ADSM-L

Re: [ADSM-L] Backup STG expected throughput from 50G FILE devclass to LTO4 tape

2014-09-17 11:49:33
Subject: Re: [ADSM-L] Backup STG expected throughput from 50G FILE devclass to LTO4 tape
From: "Prather, Wanda" <Wanda.Prather AT ICFI DOT COM>
To: ADSM-L AT VM.MARIST DOT EDU
Date: Wed, 17 Sep 2014 15:47:27 +0000
Been there done that.
BACKUP STGPOOL for a sequential-dedup-pool-which-hasn't-deduped-yet performance 
is a nightmare.
Have been fighting this for a year. 

We ingest and dedup 4-6 TB of data per day, in a 45TB sequential pool.
We had to back off and land the data on a random pool, backup stgpool from 
there, then migrate to the dedup pool, as you suggested.

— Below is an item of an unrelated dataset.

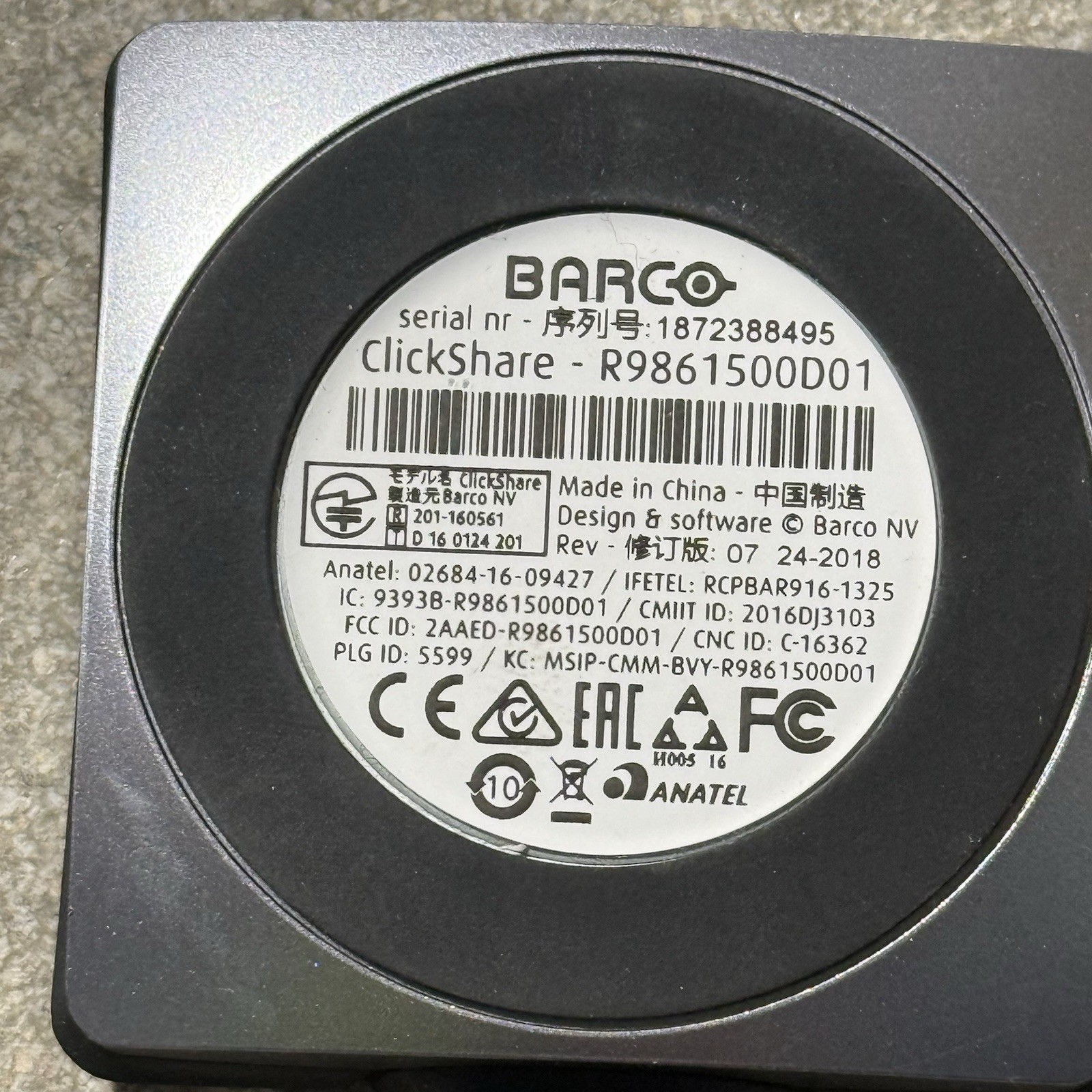 Barco ClickShare CSE-200 w/ 1 Barco ClickShare Button Tested With Power Cord

There are things you can try before giving up:

1.  Most likely culprit:
Do Q OPT, look for NUMOPENVOLSALLOWED.  Suppose it's set to 100.
Now when your BACKUP STGPOOL is running, do a Q MOUNT.  If you have 100 of your 
dedup pool files open, then you need to increase the value of 
NUMOPENVOLSALLOWED.  Rinse and repeat until your BACKUP STGPOOL isn't bumping 
up against that limit (which means I guess it's waiting to get a file handle?  
I guess that's what these are?)

I haven't found any documentation to explain why the default is set low, or 
what the drawbacks are of setting the number too high, or what "too high" might 
be.  All I know is that I discovered the problem and when I raised the number 
things got better with no apparent bad side effects.  I finally set it to a 
number larger than the number of files in my dedup pool. 
 
2.  Server code
You don't say what server version you are running; get to 6.3.4.300.  Otherwise 
you can have things bogged down in the DEDUPDELETE queue.  Which shouldn't 
affect the backup stgpool I guess, but seems to eventually affect everything 
related to that pool.

3.  DB I/O
Disk storage we are using delivers 10000 IOPS/sec; 90% of the I/O is on the 
TSM/DB + active log.  So even if you are getting good throughput on the DB 
Backup, what you need to be looking at is the DB I/O response time.  Should be 
< 5 ms.

And, your DB needs to be split across 8 or more filesystems so that DB2 will 
start more concurrent I/Os.  We went from 2 luns, to 4, to 8, then moved those 
8 to SSD, got a performance boost each step.   (You'll find all sorts of 
discussion about whether they need to be filesystems or LUNS; that depends on 
what kind of disk you have.  Point is, DB2 needs to start more concurrent 
I/O's, which means the DB needs to be spread across 8 different directories, or 
more.  And the disk behind those directories needs to support as much I/O as 
DB2 wants to do, as fast as it needs to do it to get 5 ms or less response.)  
If you can't get a good feel for that, I'd open a performance ticket and have 
them interpret a server performance trace for you. 

That's all I know so far.
Wanda


-----Original Message-----
From: ADSM: Dist Stor Manager [mailto:ADSM-L AT VM.MARIST DOT EDU] On Behalf Of 
Matthew McGeary
Sent: Wednesday, September 17, 2014 9:48 AM
To: ADSM-L AT VM.MARIST DOT EDU
Subject: [ADSM-L] Backup STG expected throughput from 50G FILE devclass to LTO4 
tape

Hello All,

We've been struggling with somewhat anemic backup performance from our dedup 
storage pools to LTO4 tape over the past year or so.  Data is ingested from 
clients and lands directly into our dedup pool, but doesn't get deduplicated 
until the offsite operation is complete.
(deduprequiresbackup=yes)  Our dedup pool is comprised of 50GB volumes, 
residing on a V7000 pool of NL-SAS drives.  The drives don't appear taxed 
(utilization is consistently in the 30-40% range) but average throughput from 
the storage pool to tape is only 100-100 MB/s.  This is starting to present 
challenges for meeting the offsite window and I am stumped as to how I might 
improve performance.

The TSM server is running on AIX and has four 8Gb paths to the storage, running 
sddpcm.  Mountpoints containing the data are mounted rbrw and are
JFS+ volumes.  Our tape drives are running off of two dedicated 4Gb HBAs
and our backup DB throughput is excellent, averaging 350-400 MB/s.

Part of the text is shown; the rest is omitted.